Just bought an inverter myself - 136 GBP (Canon lead) vs 6.59 GBP (for inverter) - bit of a no brainer really!


----------



## insanitybeard (Nov 13, 2012)

johnf3f said:


> Just bought an inverter myself - 136 GBP (Canon lead) vs 6.59 GBP (for inverter) - bit of a no brainer really!



That's the thing I don't get, Canon must be happy to sell a few at high profit than many at lower profit (not that I have any figures to back that up). If it cost a similar amount to the mains charger I would happily get one but 3 times the price?


----------



## tron (Nov 13, 2012)

insanitybeard said:


> johnf3f said:
> 
> 
> > Just bought an inverter myself - 136 GBP (Canon lead) vs 6.59 GBP (for inverter) - bit of a no brainer really!
> ...


Wait to see the new caps prices ;D


----------



## neuroanatomist (Nov 13, 2012)

insanitybeard said:


> That's the thing I don't get, Canon must be happy to sell a few at high profit than many at lower profit (not that I have any figures to back that up). If it cost a similar amount to the mains charger I would happily get one but 3 times the price?

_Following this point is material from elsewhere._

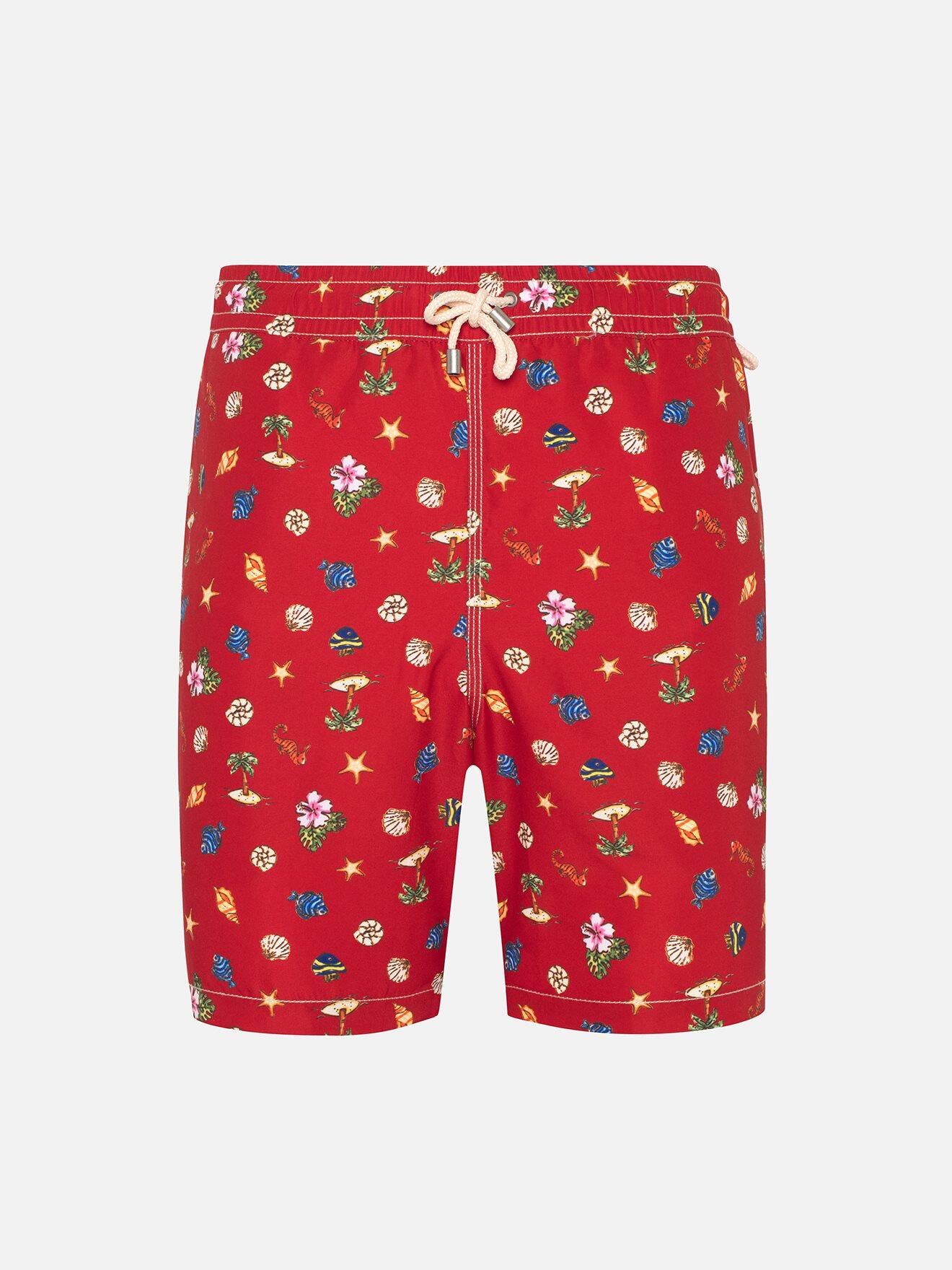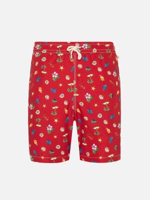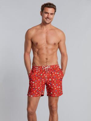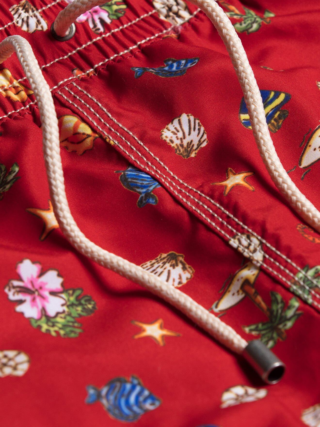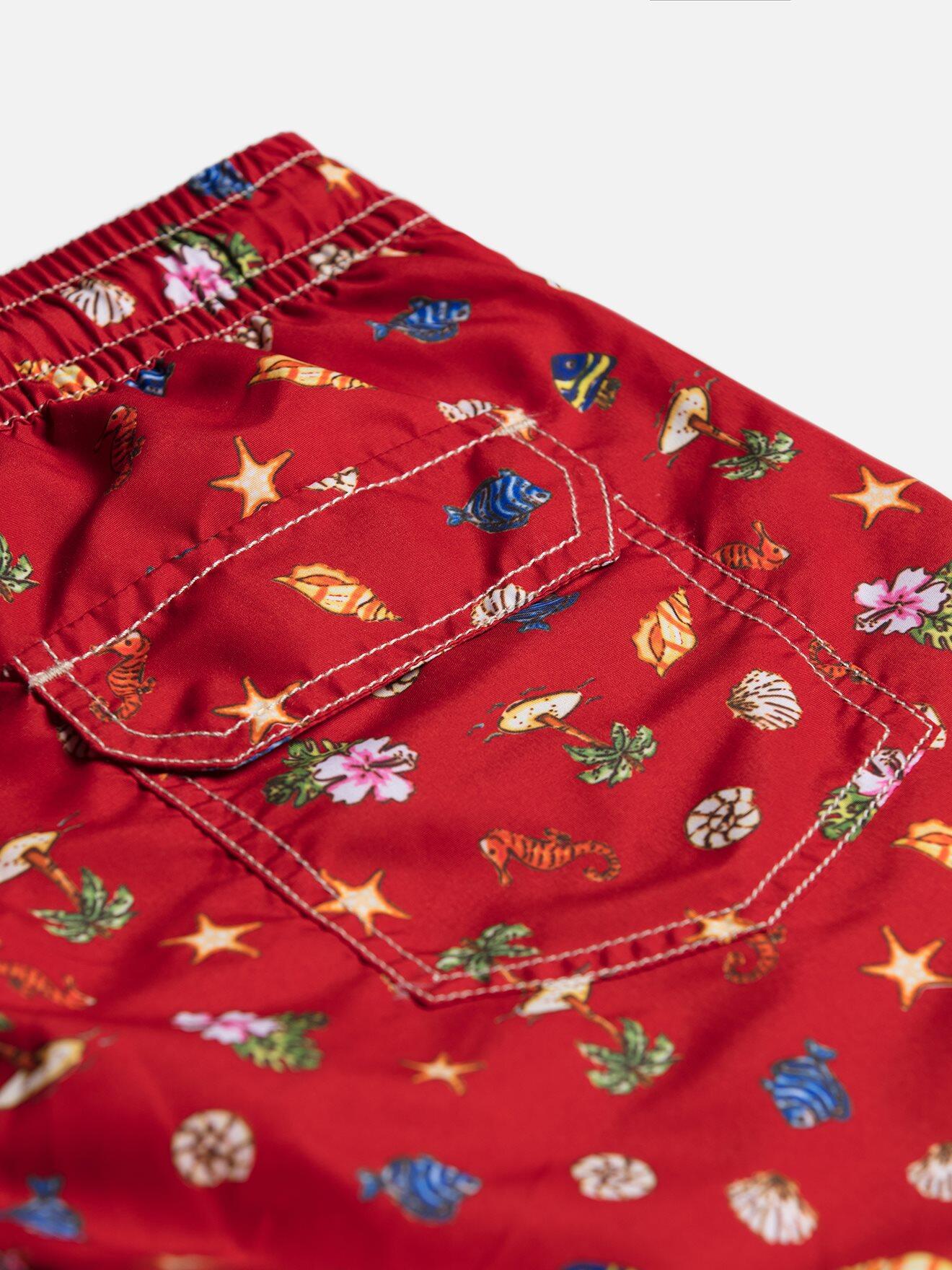 Immediate boarding for idleness and beach! Between seashells, fish and palm trees, bet on a tropical atmosphere to sublimate your bath costume. Enhanced by a back pocket on the back and a canvas on the unique lightness, this jersey with the powerful red h

The AC/Mains charger must be able to take alternating current of a wide voltage range and two different frequencies and convert it to direct current of 8.4 V (for an LP-E6). Obviously, you fail to understand the engineering complexities of producing a car charger that must be able to take just a single input voltage that's already direct current and step down the voltage a little bit. For them to charge _only_ 3 times as much for a device that sophisticated, why...it's a real bargain!!


----------



## insanitybeard (Nov 13, 2012)

neuroanatomist said:


> insanitybeard said:
> 
> 
> > That's the thing I don't get, Canon must be happy to sell a few at high profit than many at lower profit (not that I have any figures to back that up). If it cost a similar amount to the mains charger I would happily get one but 3 times the price?
> ...



;D ;D ;D (at the start of your post I thought you were shooting me down!)


----------



## Deleted member 91053 (Nov 14, 2012)

The AC/Mains charger must be able to take alternating current of a wide voltage range and two different frequencies and convert it to direct current of 8.4 V (for an LP-E6). Obviously, you fail to understand the engineering complexities of producing a car charger that must be able to take just a single input voltage that's already direct current and step down the voltage a little bit. For them to charge _only_ 3 times as much for a device that sophisticated, why...it's a real bargain!! 
[/quote]

The inverter produces standard Uk voltage and AC frequency + accepts standard UK plugs. So you just plug in your charger as if it were a mains socket. Other than the rather long leads hanging about in the car I cannot see what the problem is. I have tried my Canon LP-E4, CP-2LWE and LC-E4 chargers on in car inverters with zero problems. As I said at the price for the Canon lead (which will ONLY work on my LC-E4) it's a no brainer.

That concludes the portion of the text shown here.